There area a few factors that will see this question answered in a variety of different ways. People may turn to religions for their answers and those who adhere to a faith may find that faith even more necessary. Equally people might turn away from their religions, sensing an absent and indifferent God. Those who have imbibed the post-modern murder of big picture answers along with the end of truth will have to look for more individualistic answers to the purpose of it all. Perhaps they will see meaning in the mundane – as opposed to the transcendent – aspects of their lives. Philanthropy suggests itself as a possible locus of meaning in this respect. However, it is equally plausible that some will find answers in the “cult of the self” – a concept that I may well have read about somewhere – where the self becomes the focus for living a fulfilling life.

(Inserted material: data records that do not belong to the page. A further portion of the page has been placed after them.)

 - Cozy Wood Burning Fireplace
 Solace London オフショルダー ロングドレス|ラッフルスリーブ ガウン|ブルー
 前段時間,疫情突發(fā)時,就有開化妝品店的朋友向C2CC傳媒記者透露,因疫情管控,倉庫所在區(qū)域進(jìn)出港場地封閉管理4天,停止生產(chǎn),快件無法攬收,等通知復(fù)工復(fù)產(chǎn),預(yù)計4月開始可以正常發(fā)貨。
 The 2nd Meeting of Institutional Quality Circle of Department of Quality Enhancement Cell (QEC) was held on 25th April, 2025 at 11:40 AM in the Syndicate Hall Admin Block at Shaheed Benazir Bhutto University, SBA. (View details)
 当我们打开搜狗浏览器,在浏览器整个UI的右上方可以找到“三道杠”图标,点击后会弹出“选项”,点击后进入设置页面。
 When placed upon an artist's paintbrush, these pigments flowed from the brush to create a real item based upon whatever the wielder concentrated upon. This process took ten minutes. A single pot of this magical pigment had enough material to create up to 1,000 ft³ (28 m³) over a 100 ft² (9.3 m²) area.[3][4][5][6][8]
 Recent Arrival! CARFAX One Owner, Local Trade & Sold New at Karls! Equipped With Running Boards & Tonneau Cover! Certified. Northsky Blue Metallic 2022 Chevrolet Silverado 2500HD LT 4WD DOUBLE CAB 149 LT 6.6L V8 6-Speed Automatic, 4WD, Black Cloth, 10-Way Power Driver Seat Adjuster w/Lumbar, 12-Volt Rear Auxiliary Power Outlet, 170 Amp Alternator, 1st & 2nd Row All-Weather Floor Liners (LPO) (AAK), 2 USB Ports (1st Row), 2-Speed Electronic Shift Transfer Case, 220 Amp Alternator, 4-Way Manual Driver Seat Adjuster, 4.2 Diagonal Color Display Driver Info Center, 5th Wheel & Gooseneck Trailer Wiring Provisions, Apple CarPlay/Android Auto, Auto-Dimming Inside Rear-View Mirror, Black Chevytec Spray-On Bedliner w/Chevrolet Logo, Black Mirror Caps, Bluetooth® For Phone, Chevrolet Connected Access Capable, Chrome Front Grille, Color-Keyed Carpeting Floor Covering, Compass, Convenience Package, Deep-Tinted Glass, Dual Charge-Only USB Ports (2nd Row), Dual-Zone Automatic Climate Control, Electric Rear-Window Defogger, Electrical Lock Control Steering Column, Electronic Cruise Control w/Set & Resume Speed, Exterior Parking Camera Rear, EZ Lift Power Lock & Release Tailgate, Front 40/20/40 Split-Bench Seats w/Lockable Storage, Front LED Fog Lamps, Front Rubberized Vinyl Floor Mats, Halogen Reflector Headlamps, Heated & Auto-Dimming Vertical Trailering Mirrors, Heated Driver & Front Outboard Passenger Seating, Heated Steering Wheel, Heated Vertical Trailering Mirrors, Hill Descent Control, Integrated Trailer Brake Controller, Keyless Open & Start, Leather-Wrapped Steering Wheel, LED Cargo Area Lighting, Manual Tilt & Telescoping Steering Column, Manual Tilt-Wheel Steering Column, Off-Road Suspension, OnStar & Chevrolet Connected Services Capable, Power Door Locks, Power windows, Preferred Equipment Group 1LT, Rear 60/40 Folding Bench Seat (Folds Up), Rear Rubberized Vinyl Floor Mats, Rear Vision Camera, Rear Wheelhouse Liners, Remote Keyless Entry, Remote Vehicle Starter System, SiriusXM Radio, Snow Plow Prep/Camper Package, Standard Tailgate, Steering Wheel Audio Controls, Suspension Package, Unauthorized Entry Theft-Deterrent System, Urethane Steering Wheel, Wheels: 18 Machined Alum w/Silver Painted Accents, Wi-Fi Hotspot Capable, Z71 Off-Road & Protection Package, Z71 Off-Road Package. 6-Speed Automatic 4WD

As for me, I think about meaning every day and I have realized that I have significantly lost my way. I allowed myself to be swayed by health professionals who thought that they knew better than I what my life “should” look like. They were wrong in their views. I know how I want my life to be and I need to marshal my resolve in order to bring about the state of affairs that I desire. This state of affairs will see me determining my days in terms of writing such that writing is my only goal. Everything else will be sublimated to this primary goal. Thus, for example, I shall spend far less time working than writing. I will resolve too for solitude meaning that I will continue to ignore the people whom I have cut out of my life. After all, I explained to them that I had no desire to continue my relationship with them.